Set out exactly every line of the entries below, starting at the line that holds "Het perceel waarop" and stopping after the line that holds "壽司方面則能品嚐到中華沙律、".

*** Source data Section Begins ***

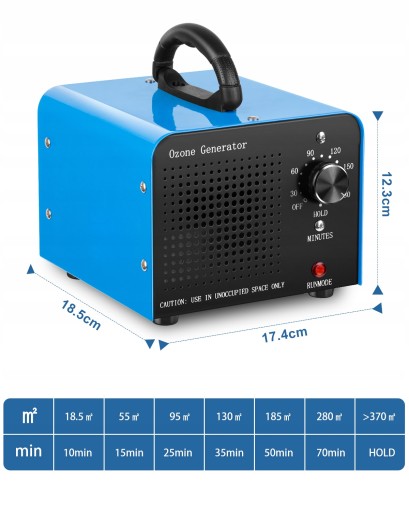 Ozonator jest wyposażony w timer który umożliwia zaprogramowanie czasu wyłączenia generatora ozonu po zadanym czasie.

*** Source data Section Ends ***
*** Source data Section Begins ***

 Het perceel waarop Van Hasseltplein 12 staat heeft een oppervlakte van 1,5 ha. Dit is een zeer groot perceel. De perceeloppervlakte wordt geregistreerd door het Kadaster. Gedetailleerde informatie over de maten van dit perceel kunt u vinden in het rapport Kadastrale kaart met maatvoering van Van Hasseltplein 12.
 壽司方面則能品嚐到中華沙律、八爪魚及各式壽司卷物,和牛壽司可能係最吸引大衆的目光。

*** Source data Section Ends ***

▶ Written response:
 Het perceel waarop Van Hasseltplein 12 staat heeft een oppervlakte van 1,5 ha. Dit is een zeer groot perceel. De perceeloppervlakte wordt geregistreerd door het Kadaster. Gedetailleerde informatie over de maten van dit perceel kunt u vinden in het rapport Kadastrale kaart met maatvoering van Van Hasseltplein 12.
 壽司方面則能品嚐到中華沙律、八爪魚及各式壽司卷物,和牛壽司可能係最吸引大衆的目光。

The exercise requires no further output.